Social Science Space took the opportunity of this latest award to discuss Taylor’s role as an activist, as a scholar (“I am an activist turned scholar, not a scholar turned activist”), an urban planner and an historian. We’ve split the interview into two parts, and the second installment, focused on Taylor’s almost two decades of work in Cuba, will appear here next week.

Taylor’s earliest academic work, as an undergrad, was in speech pathology and audiology before he took a second master’s and later a doctorate in urban history at the University at Buffalo. Since then he’s worked diligently on issues of racial justice, especially through the prism of urban planning and the historical experience of African Americans in U.S. cities. This includes academic work, as a professor at Buffalo, sitting on the editorial board of the Journal of Urban Affairs, and writing or co-authoring six books, including the Historical Roots of the Urban Crisis: African Americans in the Industrial City, 1900-1950. Taylor writes and appears often on urban issues for the mainstream press and online media.

Between academia and activism, he’s served on a number of practical projects, writing technical reports for redevelopment projects in his hometown and is currently, alongside Robert M. Silverman and Li Yin, studying gentrification and its impacts in Buffalo through the Urban Institute’s National Neighborhood Indicator Partnership.

As the UAA said in its citation, “Dr. Taylor fully embodies the connection between good scholarship and good activism and stands as a model for young academics.”

What excites you about my work on and off-campus? Do you feel that you are making a difference? Are you pessimistic or optimistic?

I am driven by the quest to end black oppression and build a world based on racial, economic, political, social and cultural justice. This is my life’s mission, and it is what excites me about my work at the university. Of course, the complicated issues facing blacks and other oppressed nationalities will not be solved in my lifetime; so my intent is to develop knowledge, insights and lessons that the next generation can build on. I am energized by a belief that the struggle of blacks and other oppressed groups will ultimately triumph; and that they will succeed in their quest to build a better, more racially and socioeconomically just and humane world.

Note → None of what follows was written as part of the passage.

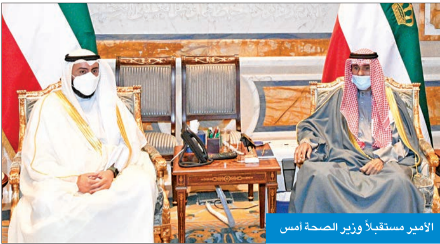
الأمير مستقبلاً وزير الصحة أمس

كما اطلع سموه على ما قدمه وزير الصحة من استعراض شامل لمجلس الأمة حول تلك الجهود، وعلى سير عملية التطعيم التي تقوم بها "الصحة" بكل سهولة ويسر. وجدد سموه ثقته برئيس مجلس الوزراء وتقديره لما رأسها الخالد، من جهود بناءة لمواجهة مختلف تداعيات هذه الجائحة، مشيداً سموه بالجهود التي تقوم بها مختلف الجهات الرسمية المختصة والجهات الأخرى، لاسيما وزارة الصحة، ممثلة بكوادرها وطاقمها الطبية، ووقوفهم في الصفوف الأمامية للتصدي لهذا الوباء رغم ما يتعرضون له من مخاطر العدوى، مجسدين بذلك الروح الوطنية العالية التي يتمتع بها أبناء الوطن العزيز. وقدّر سموه التعاون التام لرئيس مجلس الوزراء مع أعضاء مجلس الأمة لمعالجة مختلف القضايا التي تهم الوطن والمواطنين، وتجاوز أي معوقات، متطلعاً سموه إلى تكاتف كل الجهود لخدمة الوطن العزيز وإعلاء شأنه.

I came to the University at Buffalo in 1987 with two interactive goals. The first was to build a research center that aligned knowledge production and implementation with the down-on-the-ground struggles of blacks, Latinx and the low-wage white precariat. The second goal was to popularize civic engagement on U.B.’s campus and to build community-university partnerships. This undertaking made it possible for me to connect easily my activism to scholarship.

Henry Louis Taylor , Jr.

Henry Louis Taylor, Jr.

The intent of the activist-scholar is to produce and implement knowledge for social change, so that we can understand the world in order to change it. Blacks, Latinx and other oppressed people are beset with oppressive core problems that (1) circumscribe their life chances; (2) produce undesirable economic, social, political and cultural outcomes; and (3) reproduce their positionality at the bottom of the economic order. These oppressive core problems consist of inferior education; inadequate housing; poor health care services; food insecurity, joblessness, low-wages, underdeveloped neighborhoods and powerlessness.

These issues are entangled with systemic structural racism, the market-centric approach to city-building, and the functioning of knowledge capitalism and operation of the neoliberal state. Such complicated issues cannot be resolved without the production and implementation of a knowledge base with the capacity to understand wicked problems and to construct a framework to guide the struggle to eliminate them. The intent of the UB Center for Urban Studies, which I founded, was to engage in the production and implementation of a social change knowledge base. The aim was to conduct studies ranging from historical analysis to theoretical studies to community-based participatory research, as well as neighborhood planning and community development. The intent was to understand core problems and unite with residents in down-on-the-ground struggles to solve them. Problems can never be fully understood and resolved in the absence of struggle. So, the goal was to battle against oppressive neighborhood and workplace conditions, as well as to engage in struggles to transform the entire metropolitan region.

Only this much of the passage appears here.